For the records below, copy exactly the span that begins at the line containing "FACADE NORD - Echelle : 1/400ème" and stops after the line containing "Centro Cultural Hibuera", minus any pictures.
BEGIN Input
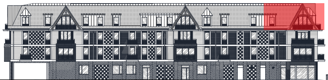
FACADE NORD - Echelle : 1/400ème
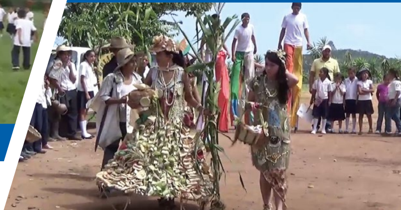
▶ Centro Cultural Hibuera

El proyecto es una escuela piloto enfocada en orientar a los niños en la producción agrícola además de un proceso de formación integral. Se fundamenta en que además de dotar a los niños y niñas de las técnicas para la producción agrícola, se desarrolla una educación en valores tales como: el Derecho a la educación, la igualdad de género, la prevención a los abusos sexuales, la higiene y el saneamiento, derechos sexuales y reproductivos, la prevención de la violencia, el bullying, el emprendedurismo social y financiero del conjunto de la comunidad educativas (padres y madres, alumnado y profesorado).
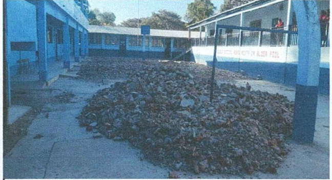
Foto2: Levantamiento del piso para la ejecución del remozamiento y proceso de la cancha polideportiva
END Input
BEGIN Input
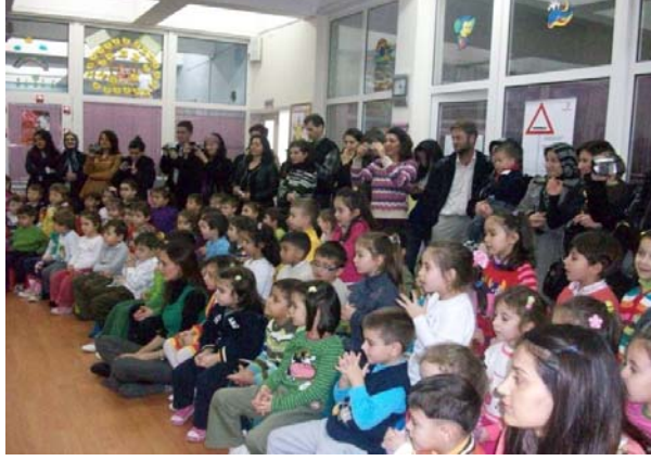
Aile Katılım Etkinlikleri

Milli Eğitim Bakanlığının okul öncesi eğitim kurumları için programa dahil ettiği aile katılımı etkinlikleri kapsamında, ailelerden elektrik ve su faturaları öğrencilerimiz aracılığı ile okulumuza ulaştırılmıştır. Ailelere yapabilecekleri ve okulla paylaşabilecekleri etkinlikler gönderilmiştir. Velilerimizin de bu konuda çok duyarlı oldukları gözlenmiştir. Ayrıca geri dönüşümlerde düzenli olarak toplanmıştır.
END Input
◆ Answer to the exercise ◆
FACADE NORD - Echelle : 1/400ème
▶ Centro Cultural Hibuera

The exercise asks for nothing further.